Who says you can't go to both Penn and culinary school?  These freshmen found you can have your cake and eat it, too.


Rachel Prokupek (C ‘20)

Rachel's resume boasts two Michelin stars and a degree from culinary school, but her foodie journey hasn’t been a cakewalk. 

She's been passionate about food since she was young. It was a common interest between her and her father. He “was in the restaurant industry, and during family dinners [we] would sit at the table and talk about the industry,” says Rachel. A family friend taught Rachel about cooking and introduced her to the Food Network. From there, the obsession took hold.

“During high school, I got really into it," Rachel says. I started cooking for myself. I only watched the Food Network, and started reading and learning more about food."

Before coming to Penn, Rachel took a gap year and attended the famous culinary school Le Cordon Bleu, where she studied both cuisine and pastry. Though she loved the experience, it wasn’t without its challenges. 

“The chefs would teach us how to create French dishes, and we’d go into the kitchen and have to recreate them. We were graded on everything from our timing to our cleanliness to our knife skills, the seasonings, every single thing possible,” recounts Rachel.

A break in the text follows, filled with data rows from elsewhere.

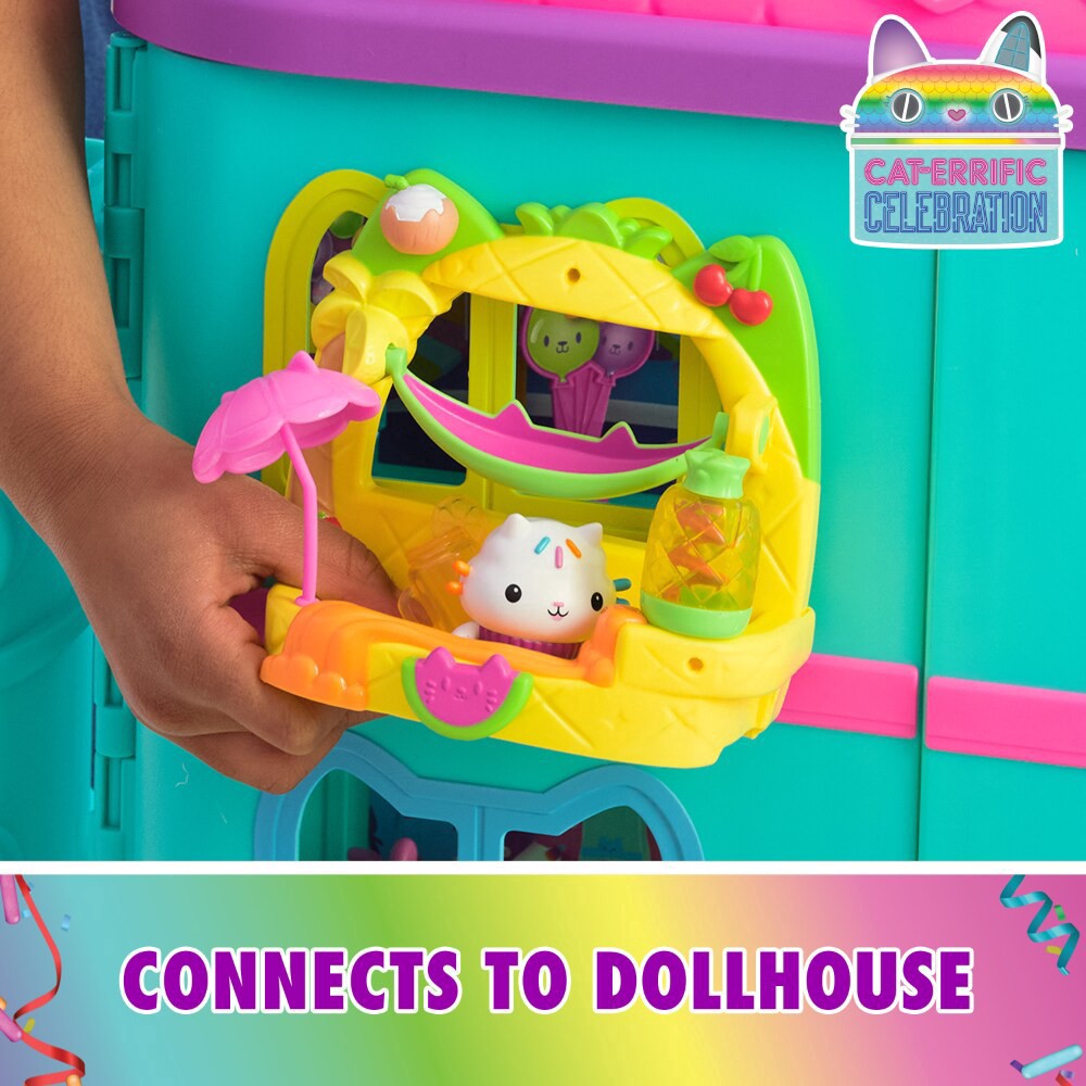 Step into the magical world of Gabby's Dollhouse with Cakey Cat's Fruit Smoothie Party Balcony Playset! Featuring a Cakey Cat toy figure, dollhouse furniture, and 6 dollhouse accessories, including a …
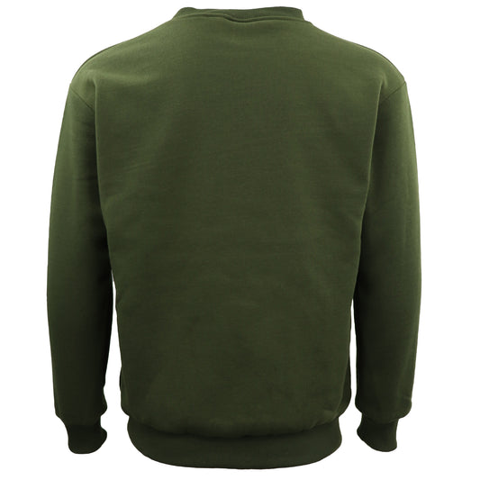 New Adult Unisex Plain Pullover Fleece Jumper Mens Long Sleeve Crew Neck Sweater, Olive, M
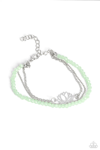 Twinkling Trajectory - Green - White Rhinestone Circle Paparazzi Lobster Claw Bracelet
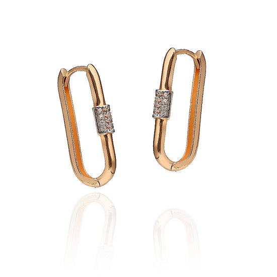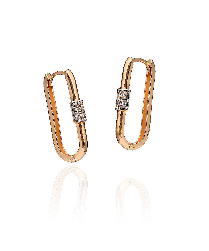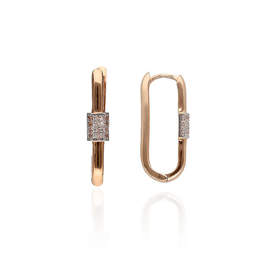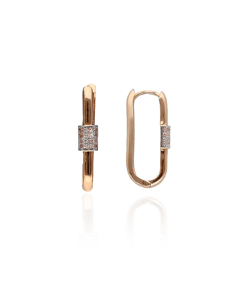 Modernūs raudonojo aukso auskarai (26 mm) su stačiakampiu akcentu, inkrustuotu smulkiais baltais akmenukais. Minimalistinis, bet elegantiškas dizainas suteikia subtilaus spindesio ir lengvai dera prie įvairaus stiliaus.
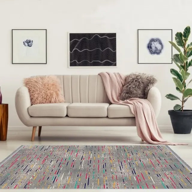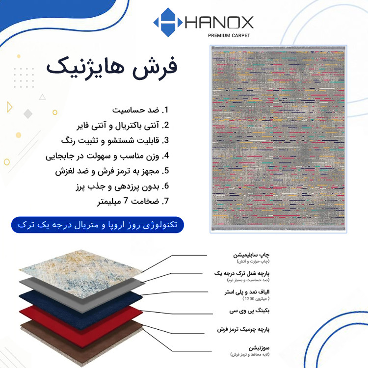 فرش ماشینی 1000 شانه هانوکس زمینه طوسی حاشیه چند رنگ مدل مینیمال کد HANM.0022.1
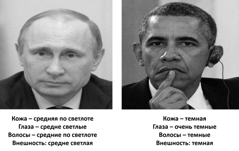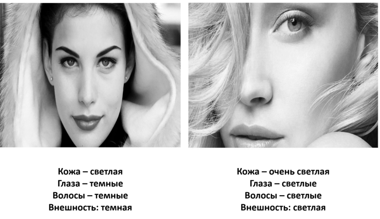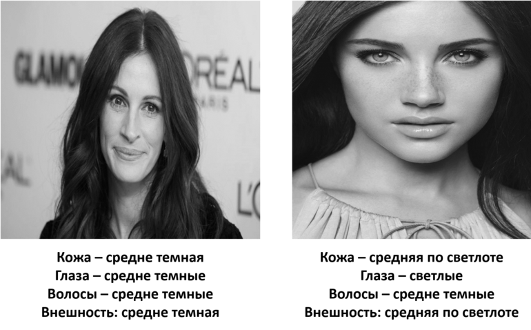 Естественно не всегда кожа, глаза, волосы будут одинаково светлыми или средне светлыми и т.д. Проанализировав кожу, глаза, волосы нужно отнести себя в итоге к более темной внешности средней или к более светлой. Примеры)

While pastry skills came naturally to her, she soon realized that cuisine didn’t. “People learned cuisine faster than I did. It was a failure to me when I’d have to present dishes and my fish was underdone, or I didn't julienne my carrots as perfectly as I should have. It sounds stupid, but it was important!” she laughs.

As a recent graduate from Le Cordon Bleu, Rachel had the opportunity to extern at Restaurant Daniel, a two Michelin star restaurant in New York City. Externing, she explains, is essentially the chef version of an internship. She was on the prep team, and was responsible for preparing soups and salads. Restaurant Daniel has standards on par with Le Cordon Bleu, and meeting them wasn’t always a breeze. “Daniel has to produce really high quality food, and the work that I did had to be up to that standard,” she says. At first, expectations put a lot of pressure on the young chef, who admits that “[during] the first two weeks, I would come home at the end of the night so degraded because I knew I wasn’t doing the work that was expected of me.” But eventually, her skills improved, and by the end of the summer, she even helped train new prep team members.

Going forward, Rachel wants to explore the business side of the restaurant industry. “I realized this summer that I don’t want to be a chef. I have so much respect for people who work in kitchens—it’s such hard work, with the hours and heat and timing. But I don’t want to be in the kitchen every day,” she says. Her dream job? “Owning my own restaurant group and working with other chefs to create concepts. I have the culinary experience. Now I just need the business side.”


Jennifer Higa (C ‘20)

Jennifer is a foodie taking advantage of the digital sphere. Her expertise extends from the kitchen to the Internet—she runs the Penn Appétit blog and her own YouTube channel.

She became interested in food as a child growing up in Japan. “In Japan, food is such a huge thing in the culture,” she says. Family meals were a central part of her childhood, and her parents fueled her culinary interests. From an early age, Jennifer has been fascinated by cooking. “There’s a picture of me when I’m five years old, with my chef hat, making cheese. I’m like really small, but for some reason I really wanted to make cheese!” she recalls, laughing.

Jenny loves to cook herself healthy meals, but as a freshman, she doesn’t have a kitchen. This inspired her YouTube series, Dorm Room Munchies, which is dedicated to dorm room cooking. 

“I wanted to share easy dorm room cooking things, and most of the ingredients come from the dining hall,” she says. “I watch a lot of cooking YouTube videos in my free time,” and these videos inspire her content.

Her interest in digital content doesn’t stop at YouTube. Jennifer loves writing about food, and luckily, with the Penn Appétit blog, she gets invitations to write about Philly restaurants.

“Last week, I got a media dine–in at Ocean Prime. It was a very fancy meal: we got an appetizer, a main dish and a dessert. Everything was paid for except for the tip, and I just got to write about it. I love writing about food, I think presentation and flavors are so important. I just recorded all that, and had a photographer with me."

Jenny, like Rachel, wants to go into the restaurant industry, starting this summer. “I’m working at a restaurant in Japan that mixes social impact and food,” she says. This restaurant hires people with disabilities, giving them opportunities to work they might not get otherwise. Jenny will have the opportunity to work in the kitchen, with the creative teams and on the managerial side. “I’m gonna learn all about it,” she says.